**Records supplied:**
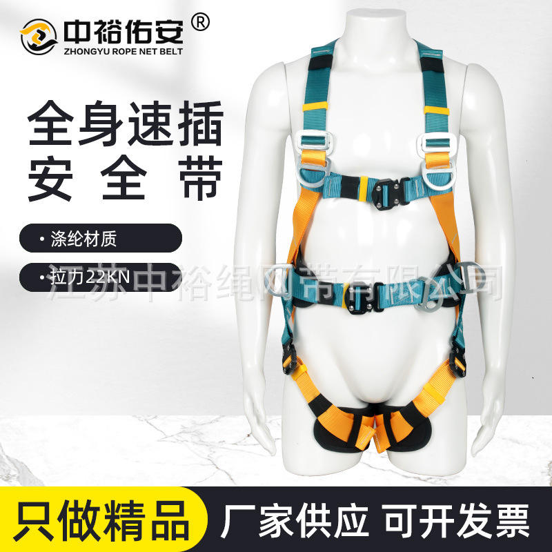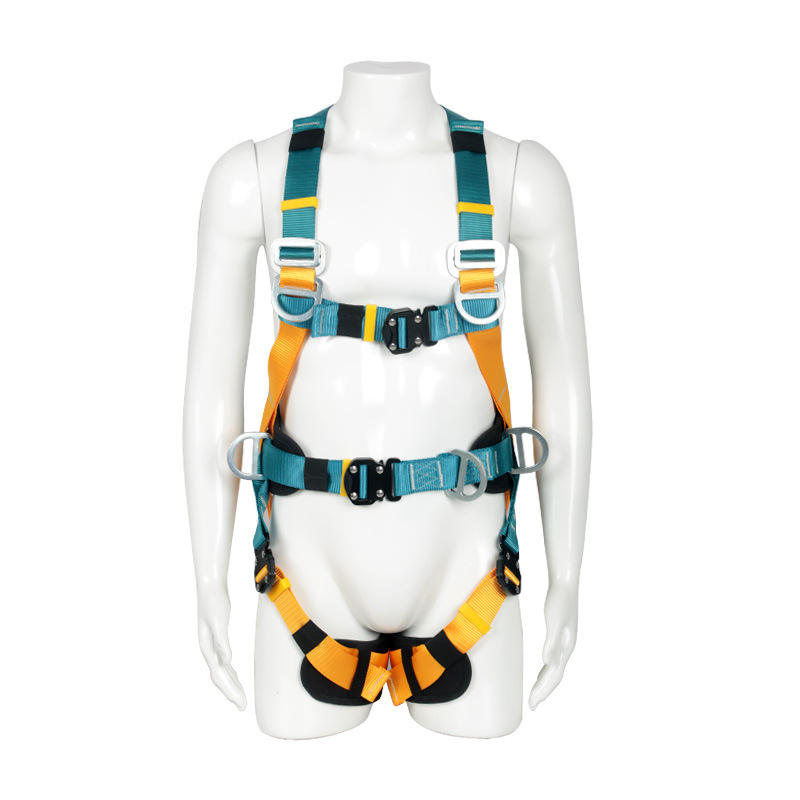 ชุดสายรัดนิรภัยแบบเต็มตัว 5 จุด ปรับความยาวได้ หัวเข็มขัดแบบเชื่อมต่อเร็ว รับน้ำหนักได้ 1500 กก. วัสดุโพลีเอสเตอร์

* * *

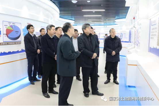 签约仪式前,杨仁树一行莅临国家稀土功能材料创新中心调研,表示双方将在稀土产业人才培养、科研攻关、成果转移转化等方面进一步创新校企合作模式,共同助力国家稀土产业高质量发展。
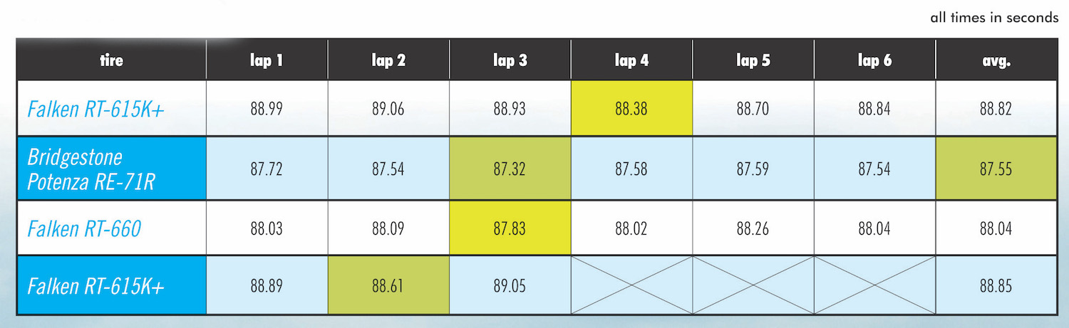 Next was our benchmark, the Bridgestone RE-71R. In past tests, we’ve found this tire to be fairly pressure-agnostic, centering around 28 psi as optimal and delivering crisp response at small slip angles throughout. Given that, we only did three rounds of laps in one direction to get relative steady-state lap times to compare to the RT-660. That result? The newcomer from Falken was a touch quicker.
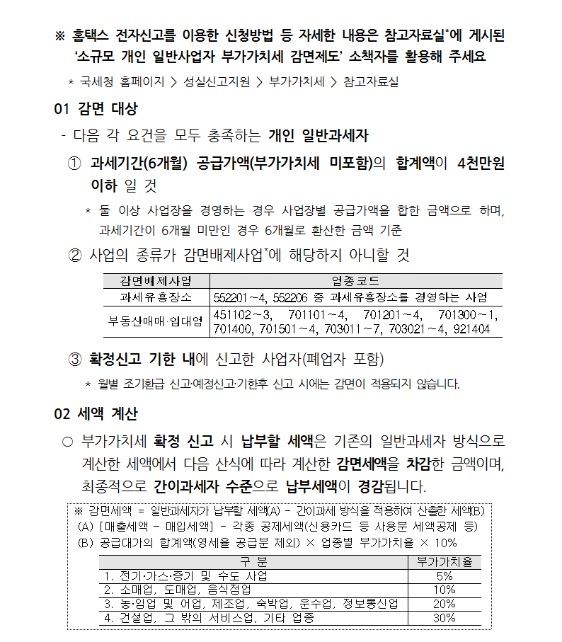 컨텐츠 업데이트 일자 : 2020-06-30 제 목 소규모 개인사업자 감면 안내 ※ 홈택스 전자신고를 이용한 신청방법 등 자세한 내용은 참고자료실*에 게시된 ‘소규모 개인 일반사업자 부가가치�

**Exercise goal:**
Take the material above from the line bearing "签约仪式前,杨仁树一行莅临国" through the line bearing "컨텐츠 업데이트 일자" and write it out exactly, both end lines included. Pictures stay out.

**Response area:**
 签约仪式前,杨仁树一行莅临国家稀土功能材料创新中心调研,表示双方将在稀土产业人才培养、科研攻关、成果转移转化等方面进一步创新校企合作模式,共同助力国家稀土产业高质量发展。
 Next was our benchmark, the Bridgestone RE-71R. In past tests, we’ve found this tire to be fairly pressure-agnostic, centering around 28 psi as optimal and delivering crisp response at small slip angles throughout. Given that, we only did three rounds of laps in one direction to get relative steady-state lap times to compare to the RT-660. That result? The newcomer from Falken was a touch quicker.
 컨텐츠 업데이트 일자 : 2020-06-30 제 목 소규모 개인사업자 감면 안내 ※ 홈택스 전자신고를 이용한 신청방법 등 자세한 내용은 참고자료실*에 게시된 ‘소규모 개인 일반사업자 부가가치�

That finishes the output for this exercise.